At that point, you can say (calmly and kindly): "Wife, all I've ever wanted is an answer from you when I put my heart on the line. From this day forward, I will keep asking in the hopes that you will answer. It is not my wish to make you mad but I'm no longer willing to pretend that I'm ok with the silence."
HP, I read this just before I went home. I liked it a lot and was planning on doing exactly as you suggested, but alas, it was one of those nights. D19 had skipped her afternoon classes and was in bed with what looks like the flu, and W was in town with the other two D’s waiting for band practice to end. When they got home, W was all wound up about getting the house cleaned up for the Pampered Chef party she’s having on Friday. It just wasn’t a good evening to try to talk.
But I really like your idea. I do plan to use it.

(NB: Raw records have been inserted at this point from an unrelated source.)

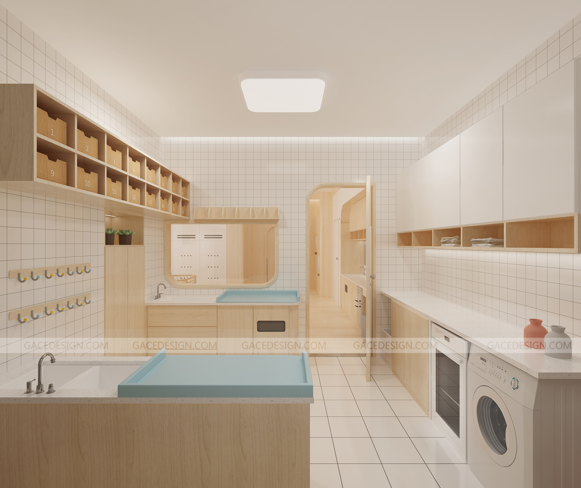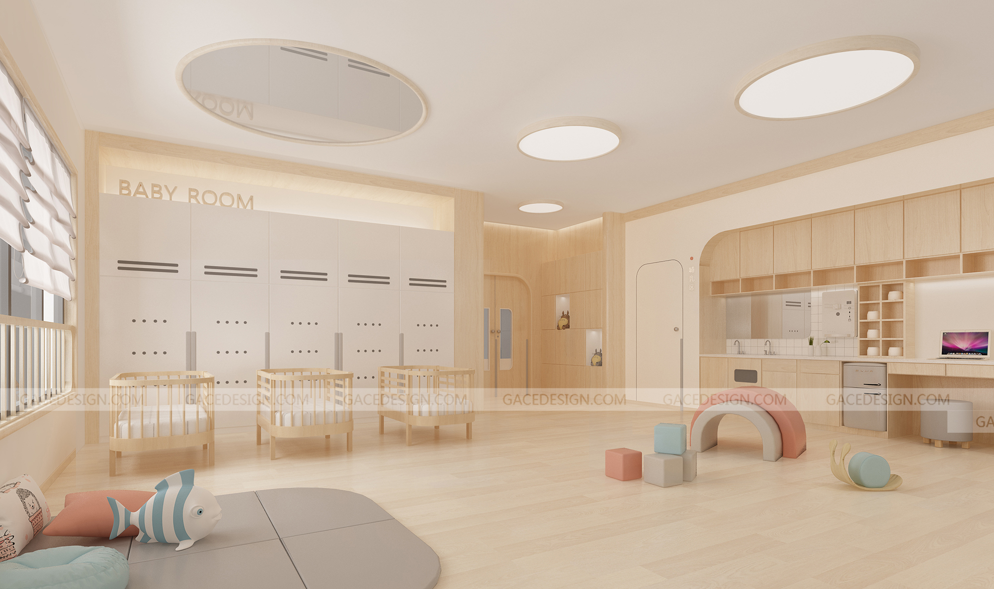 設(shè)計(jì)概括:這是我們幫啟思頓托育園設(shè)計(jì)的旗艦店,面積達(dá)到1000平以上,作為中山市高標(biāo)準(zhǔn)的示范性托育園,我們?cè)谠O(shè)計(jì)之前組織設(shè)計(jì)師進(jìn)行跟崗觀察,學(xué)習(xí)守護(hù)型嬰幼兒保育等系列保育書。考慮到保育員在操作層面上的便捷性,我們進(jìn)行了場(chǎng)景模擬,把操作層面所涉及的柜體以及路徑進(jìn)行了系統(tǒng)性整理。考慮到嬰幼兒在保育園的心理狀態(tài)以及發(fā)展心理學(xué)和空間敏感,我們定位這個(gè)項(xiàng)目是孩子的第二個(gè)家。是一家值得爸爸媽媽愿意托付的托育園。
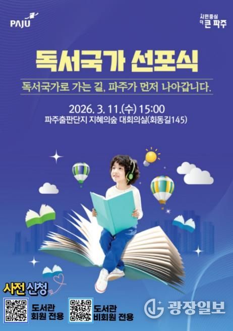 광장일보 주재영 기자 | 파주시는 오는 11일 15시, 파주출판도시 지혜의숲 대회의실에서 ‘파주시 독서국가 선포식’을 개최하고 책 읽는 도시를 넘어 ‘독서국가’로 나아가기 위한 힘찬 출발을 알린다.
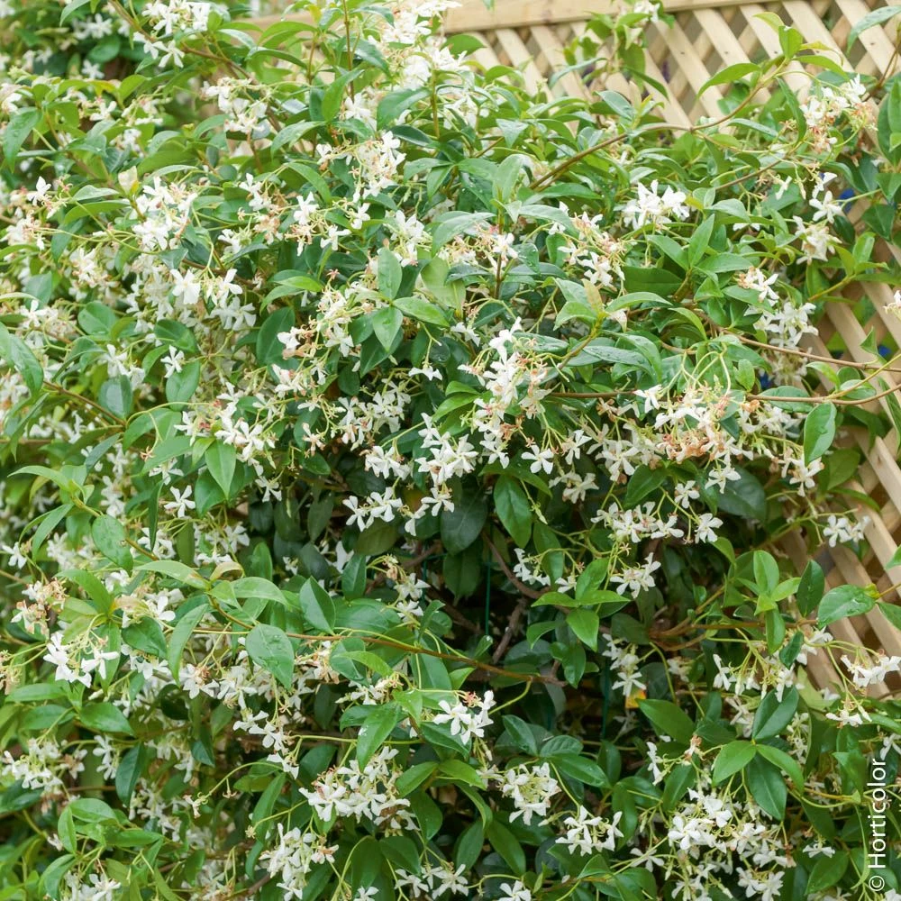 Trachelospermum jasminoides. Jasmin à feuillage persistant vert foncé, brillant, de 5/9 cm de long, pointu aux deux extrémités. Grandes fleurs de 2 à 3 cm de larges, d’abord blanc pur, puis crème, très parfumées d’avril à juillet. Hauteur adulte 5 m et plus. Exposition ensoleillée ou mi-ombragée et protégée.
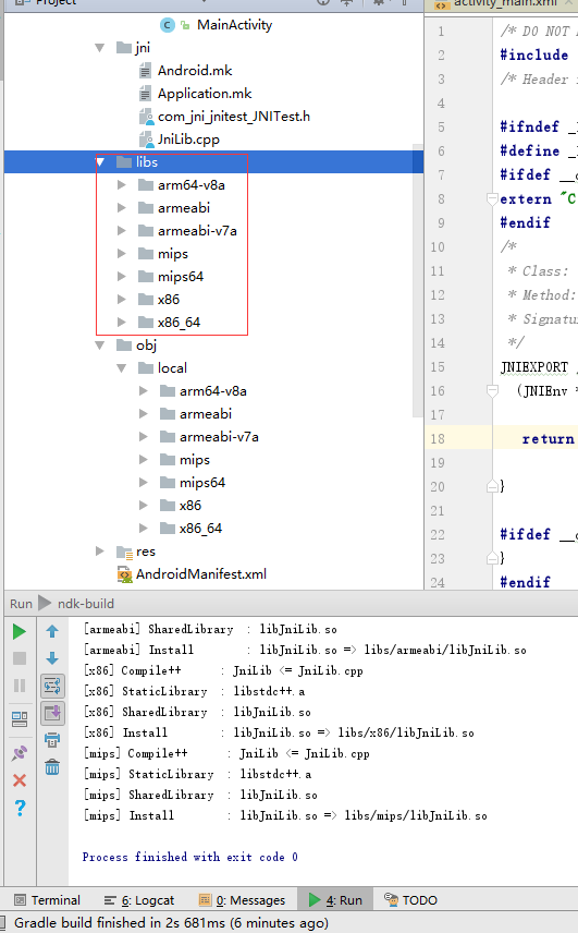 // abiFilters "armeabi", "armeabi-v7a", "x86" //输出指定的三种abi体系下的so库}sourceSets.main{jni.srcDirs = []jniLibs.srcDir "src/main/libs"}
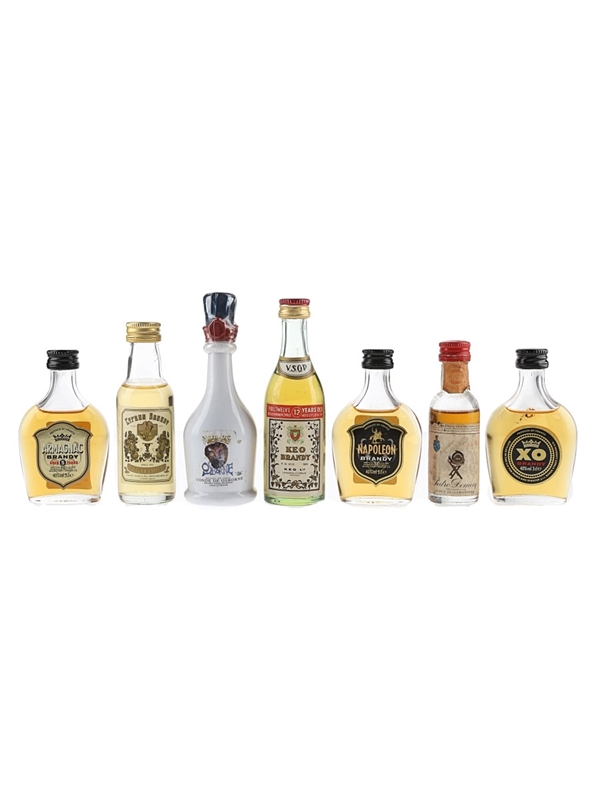 This lot contains seven miniature bottles of brandy produced in Spain, Cyprus and France. These include Pedro Domecq, Armagnac Brandy, Napoleon Brandy, XO Brandy, Cyprus Brandy, Keo Brandy and Osborne Brandy. We estimate these were bottled in the 1970s to 1980s.
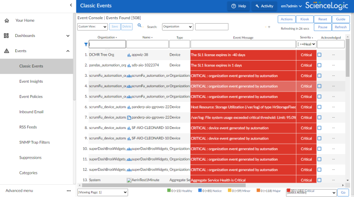 The Events page displays a list of currently active events, from critical to healthy. From this tab you can acknowledge, clear, and view more information about an event. You can also view events by organization to focus on only the events that are relevant to you. For more information about using the Events page, see the section on Viewing the List of Events.
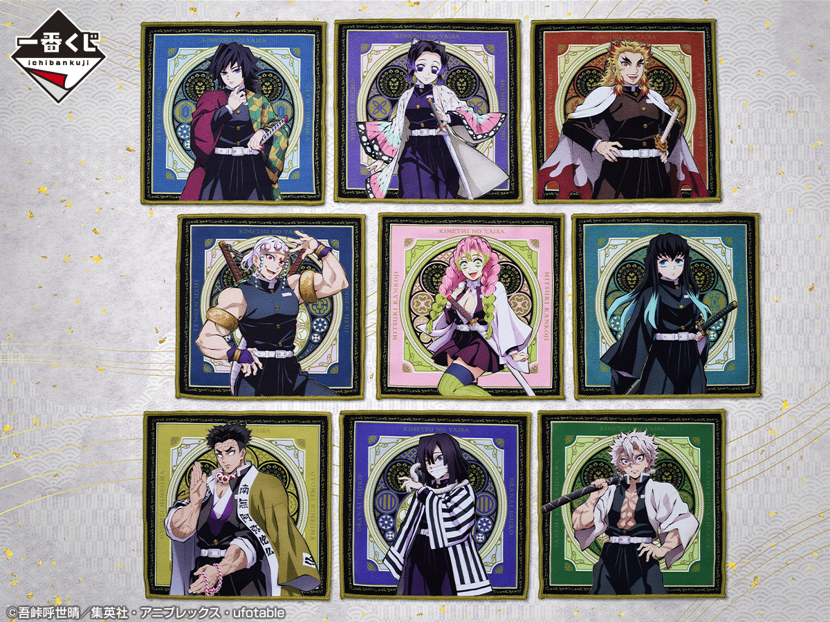 「竈門炭治郎」や「我妻善逸」「嘴平伊之助」たちがデザインされたハンドタオルがE賞に登場。
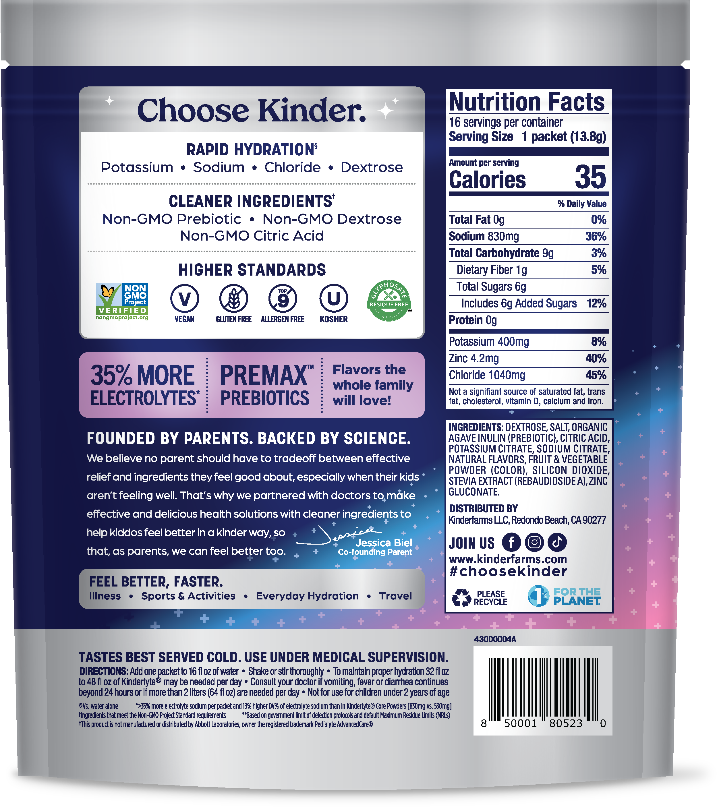 - CLEANER INGREDIENTS - Created with kids in mind, great-tasting KinderLyte provides the hydration and immunity support you need with no synthetic dyes, no artificial sweeteners, and no artificial flavoring; made with ingredients that meet the Non-GMO Project standard requirements
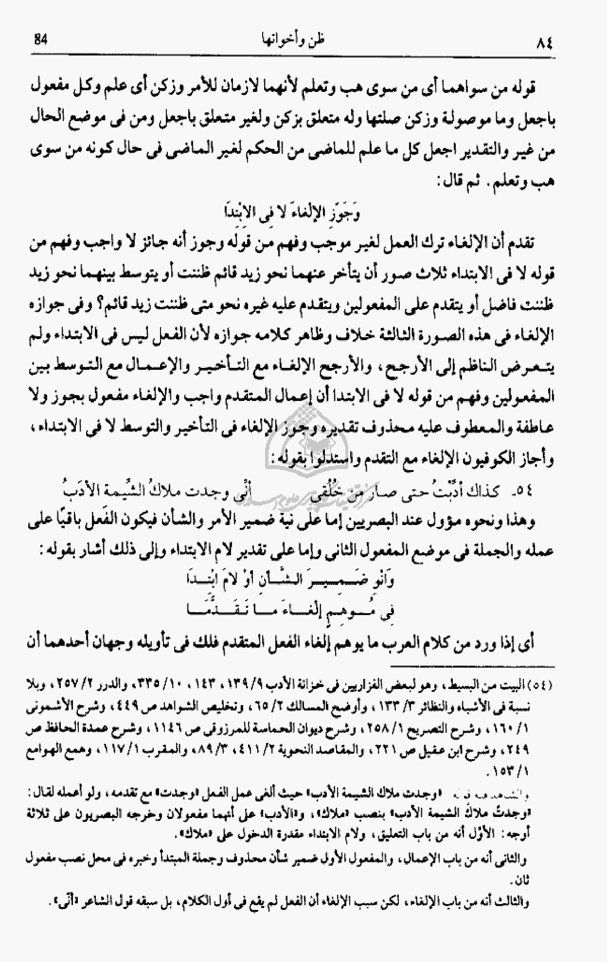 صور أن يتأخر عنهما نحو زيد قائم ظننت أو يتوسط بينهما نحو زيد ظننت فاضل أو يتقدم على المفعولين ويتقدم عليه غيره نحو متى ظننت زيد قائم؟ وفى جوازه الإلغاء فى هذه الصورة الثالثة خلاف وظاهر كلامه جوازه لأن الفعل ليس فى الابتداء ولم يتعرض الناظم إلى الأرجح، والأرجح الإلغاء مع التأخير والإعمال مع التوسط بين المفعولين وفهم من قوله لا فى الابتدا أن إعمال المتقدم واجب والإلغاء مفعول بجوز ولا عاطفة والمعطوف عليه محذوف تقديره وجوز الإلغاء فى التأخير والتوسط لا فى الابتداء، وأجاز الكوفيون الإلغاء مع التقدم واستدلوا بقوله:
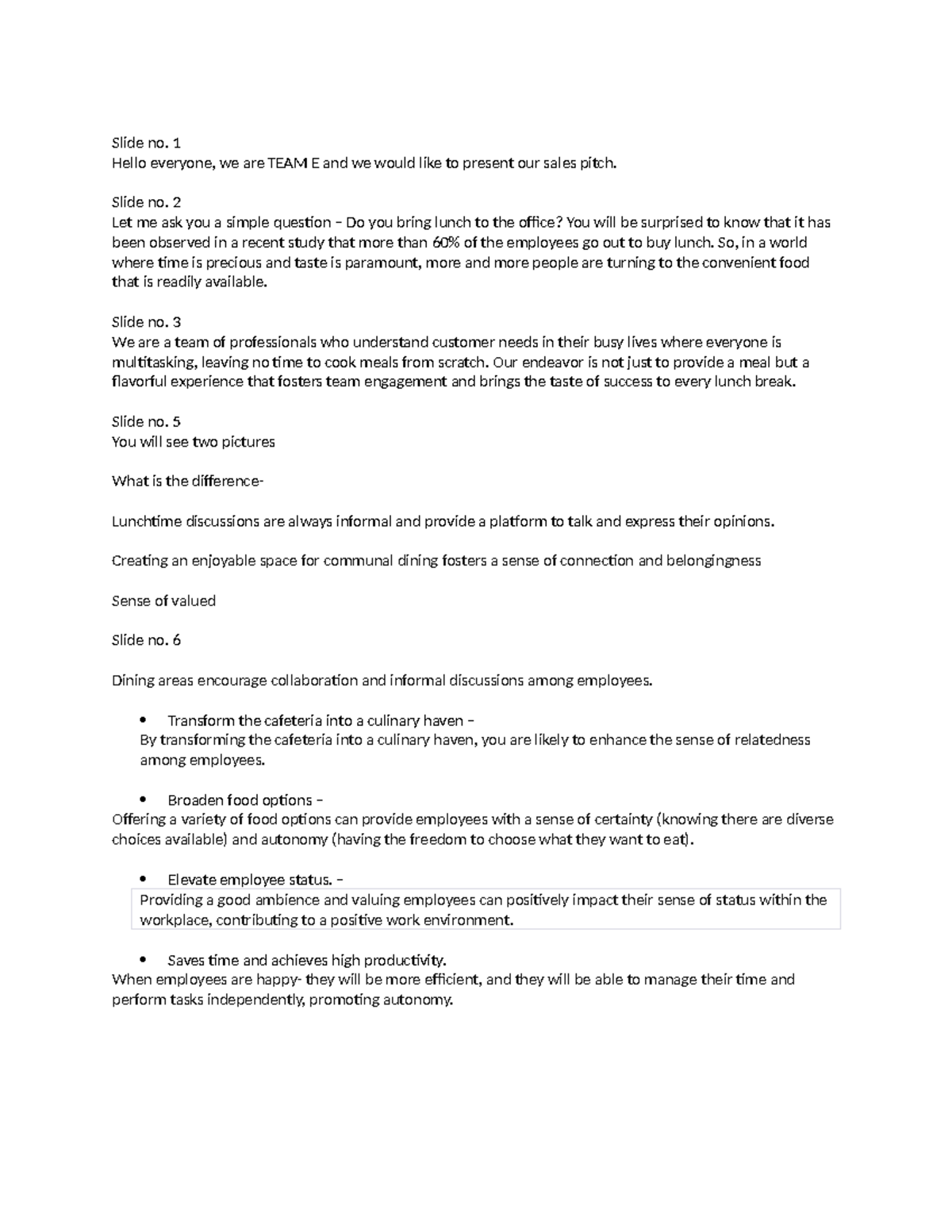 Script - Mandatory assignment - Slide no. 1 Hello everyone, we are TEAM ...
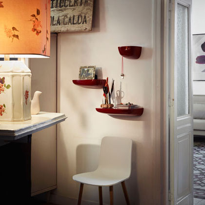 Corniches di Erwan Bouroullec per Vitra può avere funzione di una mensola a muro o oggetto decorativo. Può essere utilizzato per poggiare le chiavi vicino alla porta d’ingresso, un punto dove poter mettere tutto ciò di cui abbiamo bisogno a portata di mano in bagno oppure un supporto per piccoli oggetti. Corniches sono realizzati in plastica di alta qualità di diversi colori, in tre differenti misure e forme. Staffa per parete: poliammide.
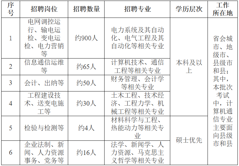 说明:招聘专业均指主修专业,不包含辅修专业及第二学位。上述招聘数量含提前批校园招聘数量,最终招聘数量将根据上级单位核定情况相应调整。
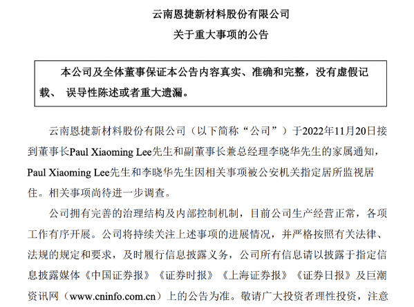 于11月20日接到董事长paul Xiaoming Lee(李晓明)及副董事长李晓华家属通知,二人因相关事项被公安机关指定居所监视居住。

To the rest of you who answered, thank you. W does have FOO issues. Women stuck to women’s things like cooking and cleaning and taking care of kids. Her father was mostly absent and her mother was highly critical. W says that nothing she ever did was good enough to please them. So there’s a lot of baggage there. I just feel that after nearly thirty years, thirty years, she should have learned that she can trust me. I may well have done something in the past that made her decide not to talk to me, but in all honesty, I don’t know what it could have been. And even if I did, I’m a different person than I was even a year ago. I’m committed to making this R better.